─── EXERCISE DATA

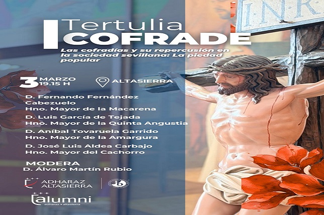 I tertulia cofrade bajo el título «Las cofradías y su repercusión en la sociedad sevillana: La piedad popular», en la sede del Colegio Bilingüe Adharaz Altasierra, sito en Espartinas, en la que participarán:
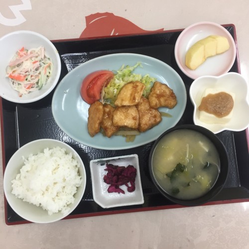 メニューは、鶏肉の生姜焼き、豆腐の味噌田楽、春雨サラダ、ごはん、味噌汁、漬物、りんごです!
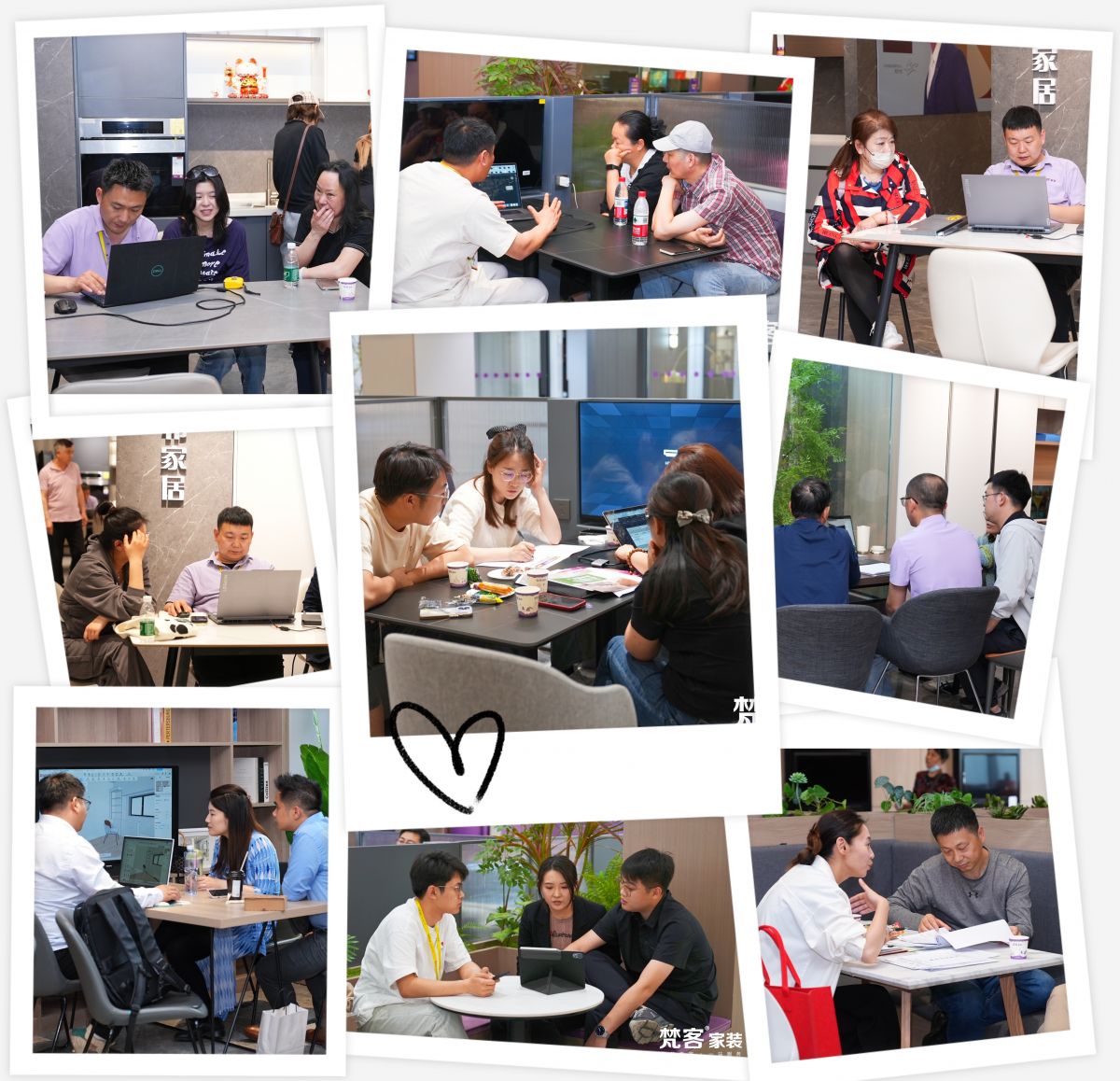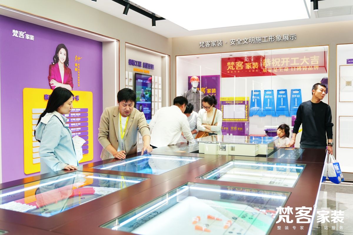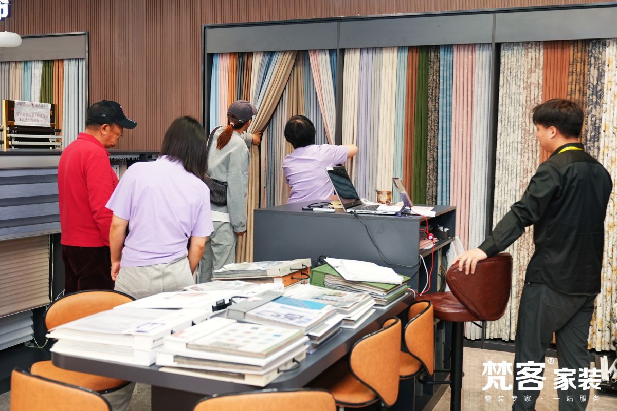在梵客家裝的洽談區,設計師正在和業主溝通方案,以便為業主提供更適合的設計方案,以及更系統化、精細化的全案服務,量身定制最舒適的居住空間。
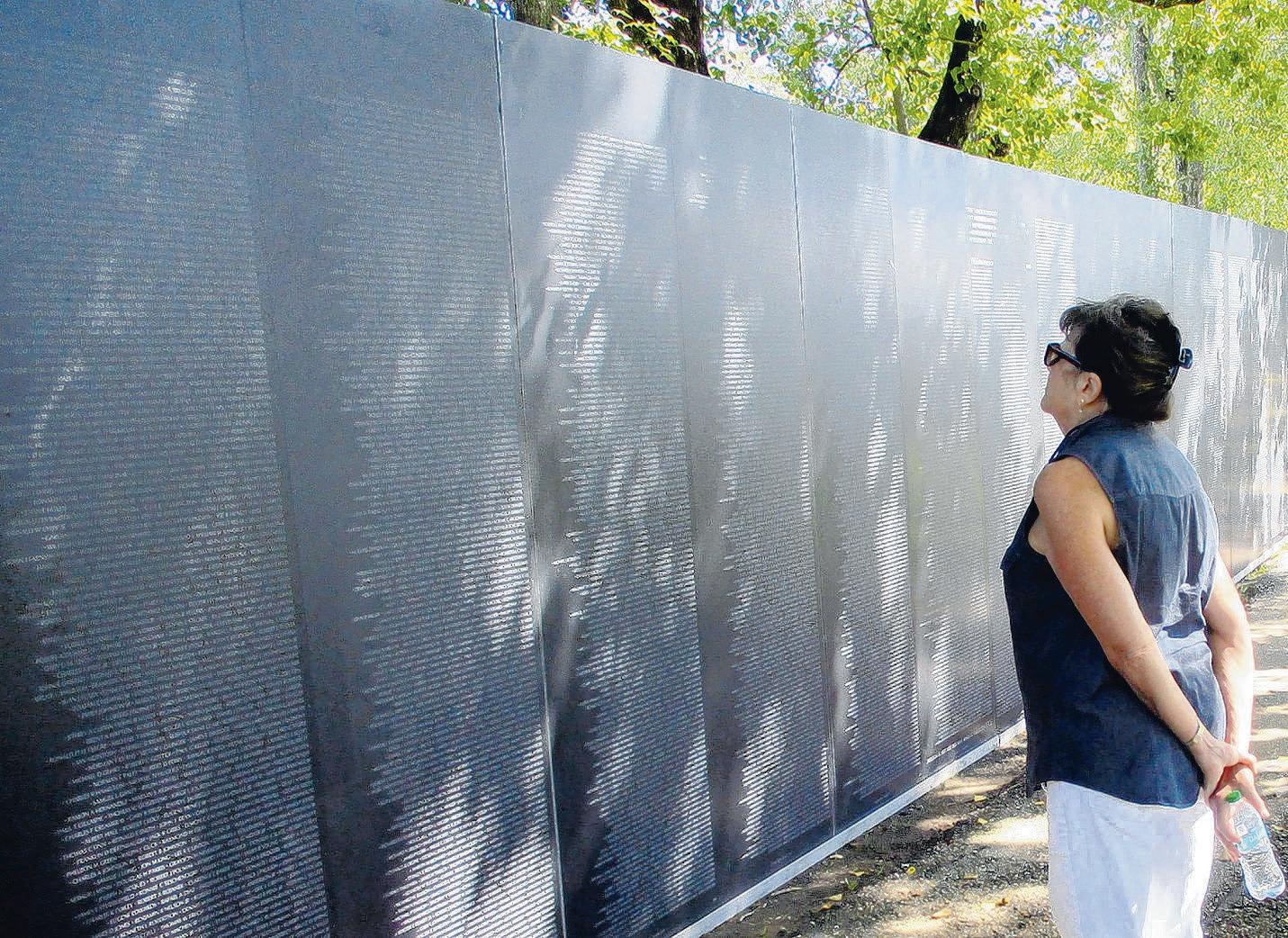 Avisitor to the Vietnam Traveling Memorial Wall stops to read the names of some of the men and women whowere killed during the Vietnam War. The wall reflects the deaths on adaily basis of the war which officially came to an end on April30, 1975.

──────

*WHAT THE TASK REQUIRES*. Could you reproduce all of the material exactly? Keep the pictures out of it.

*THE ANSWER*.
 I tertulia cofrade bajo el título «Las cofradías y su repercusión en la sociedad sevillana: La piedad popular», en la sede del Colegio Bilingüe Adharaz Altasierra, sito en Espartinas, en la que participarán:
 メニューは、鶏肉の生姜焼き、豆腐の味噌田楽、春雨サラダ、ごはん、味噌汁、漬物、りんごです!
在梵客家裝的洽談區,設計師正在和業主溝通方案,以便為業主提供更適合的設計方案,以及更系統化、精細化的全案服務,量身定制最舒適的居住空間。
 Avisitor to the Vietnam Traveling Memorial Wall stops to read the names of some of the men and women whowere killed during the Vietnam War. The wall reflects the deaths on adaily basis of the war which officially came to an end on April30, 1975.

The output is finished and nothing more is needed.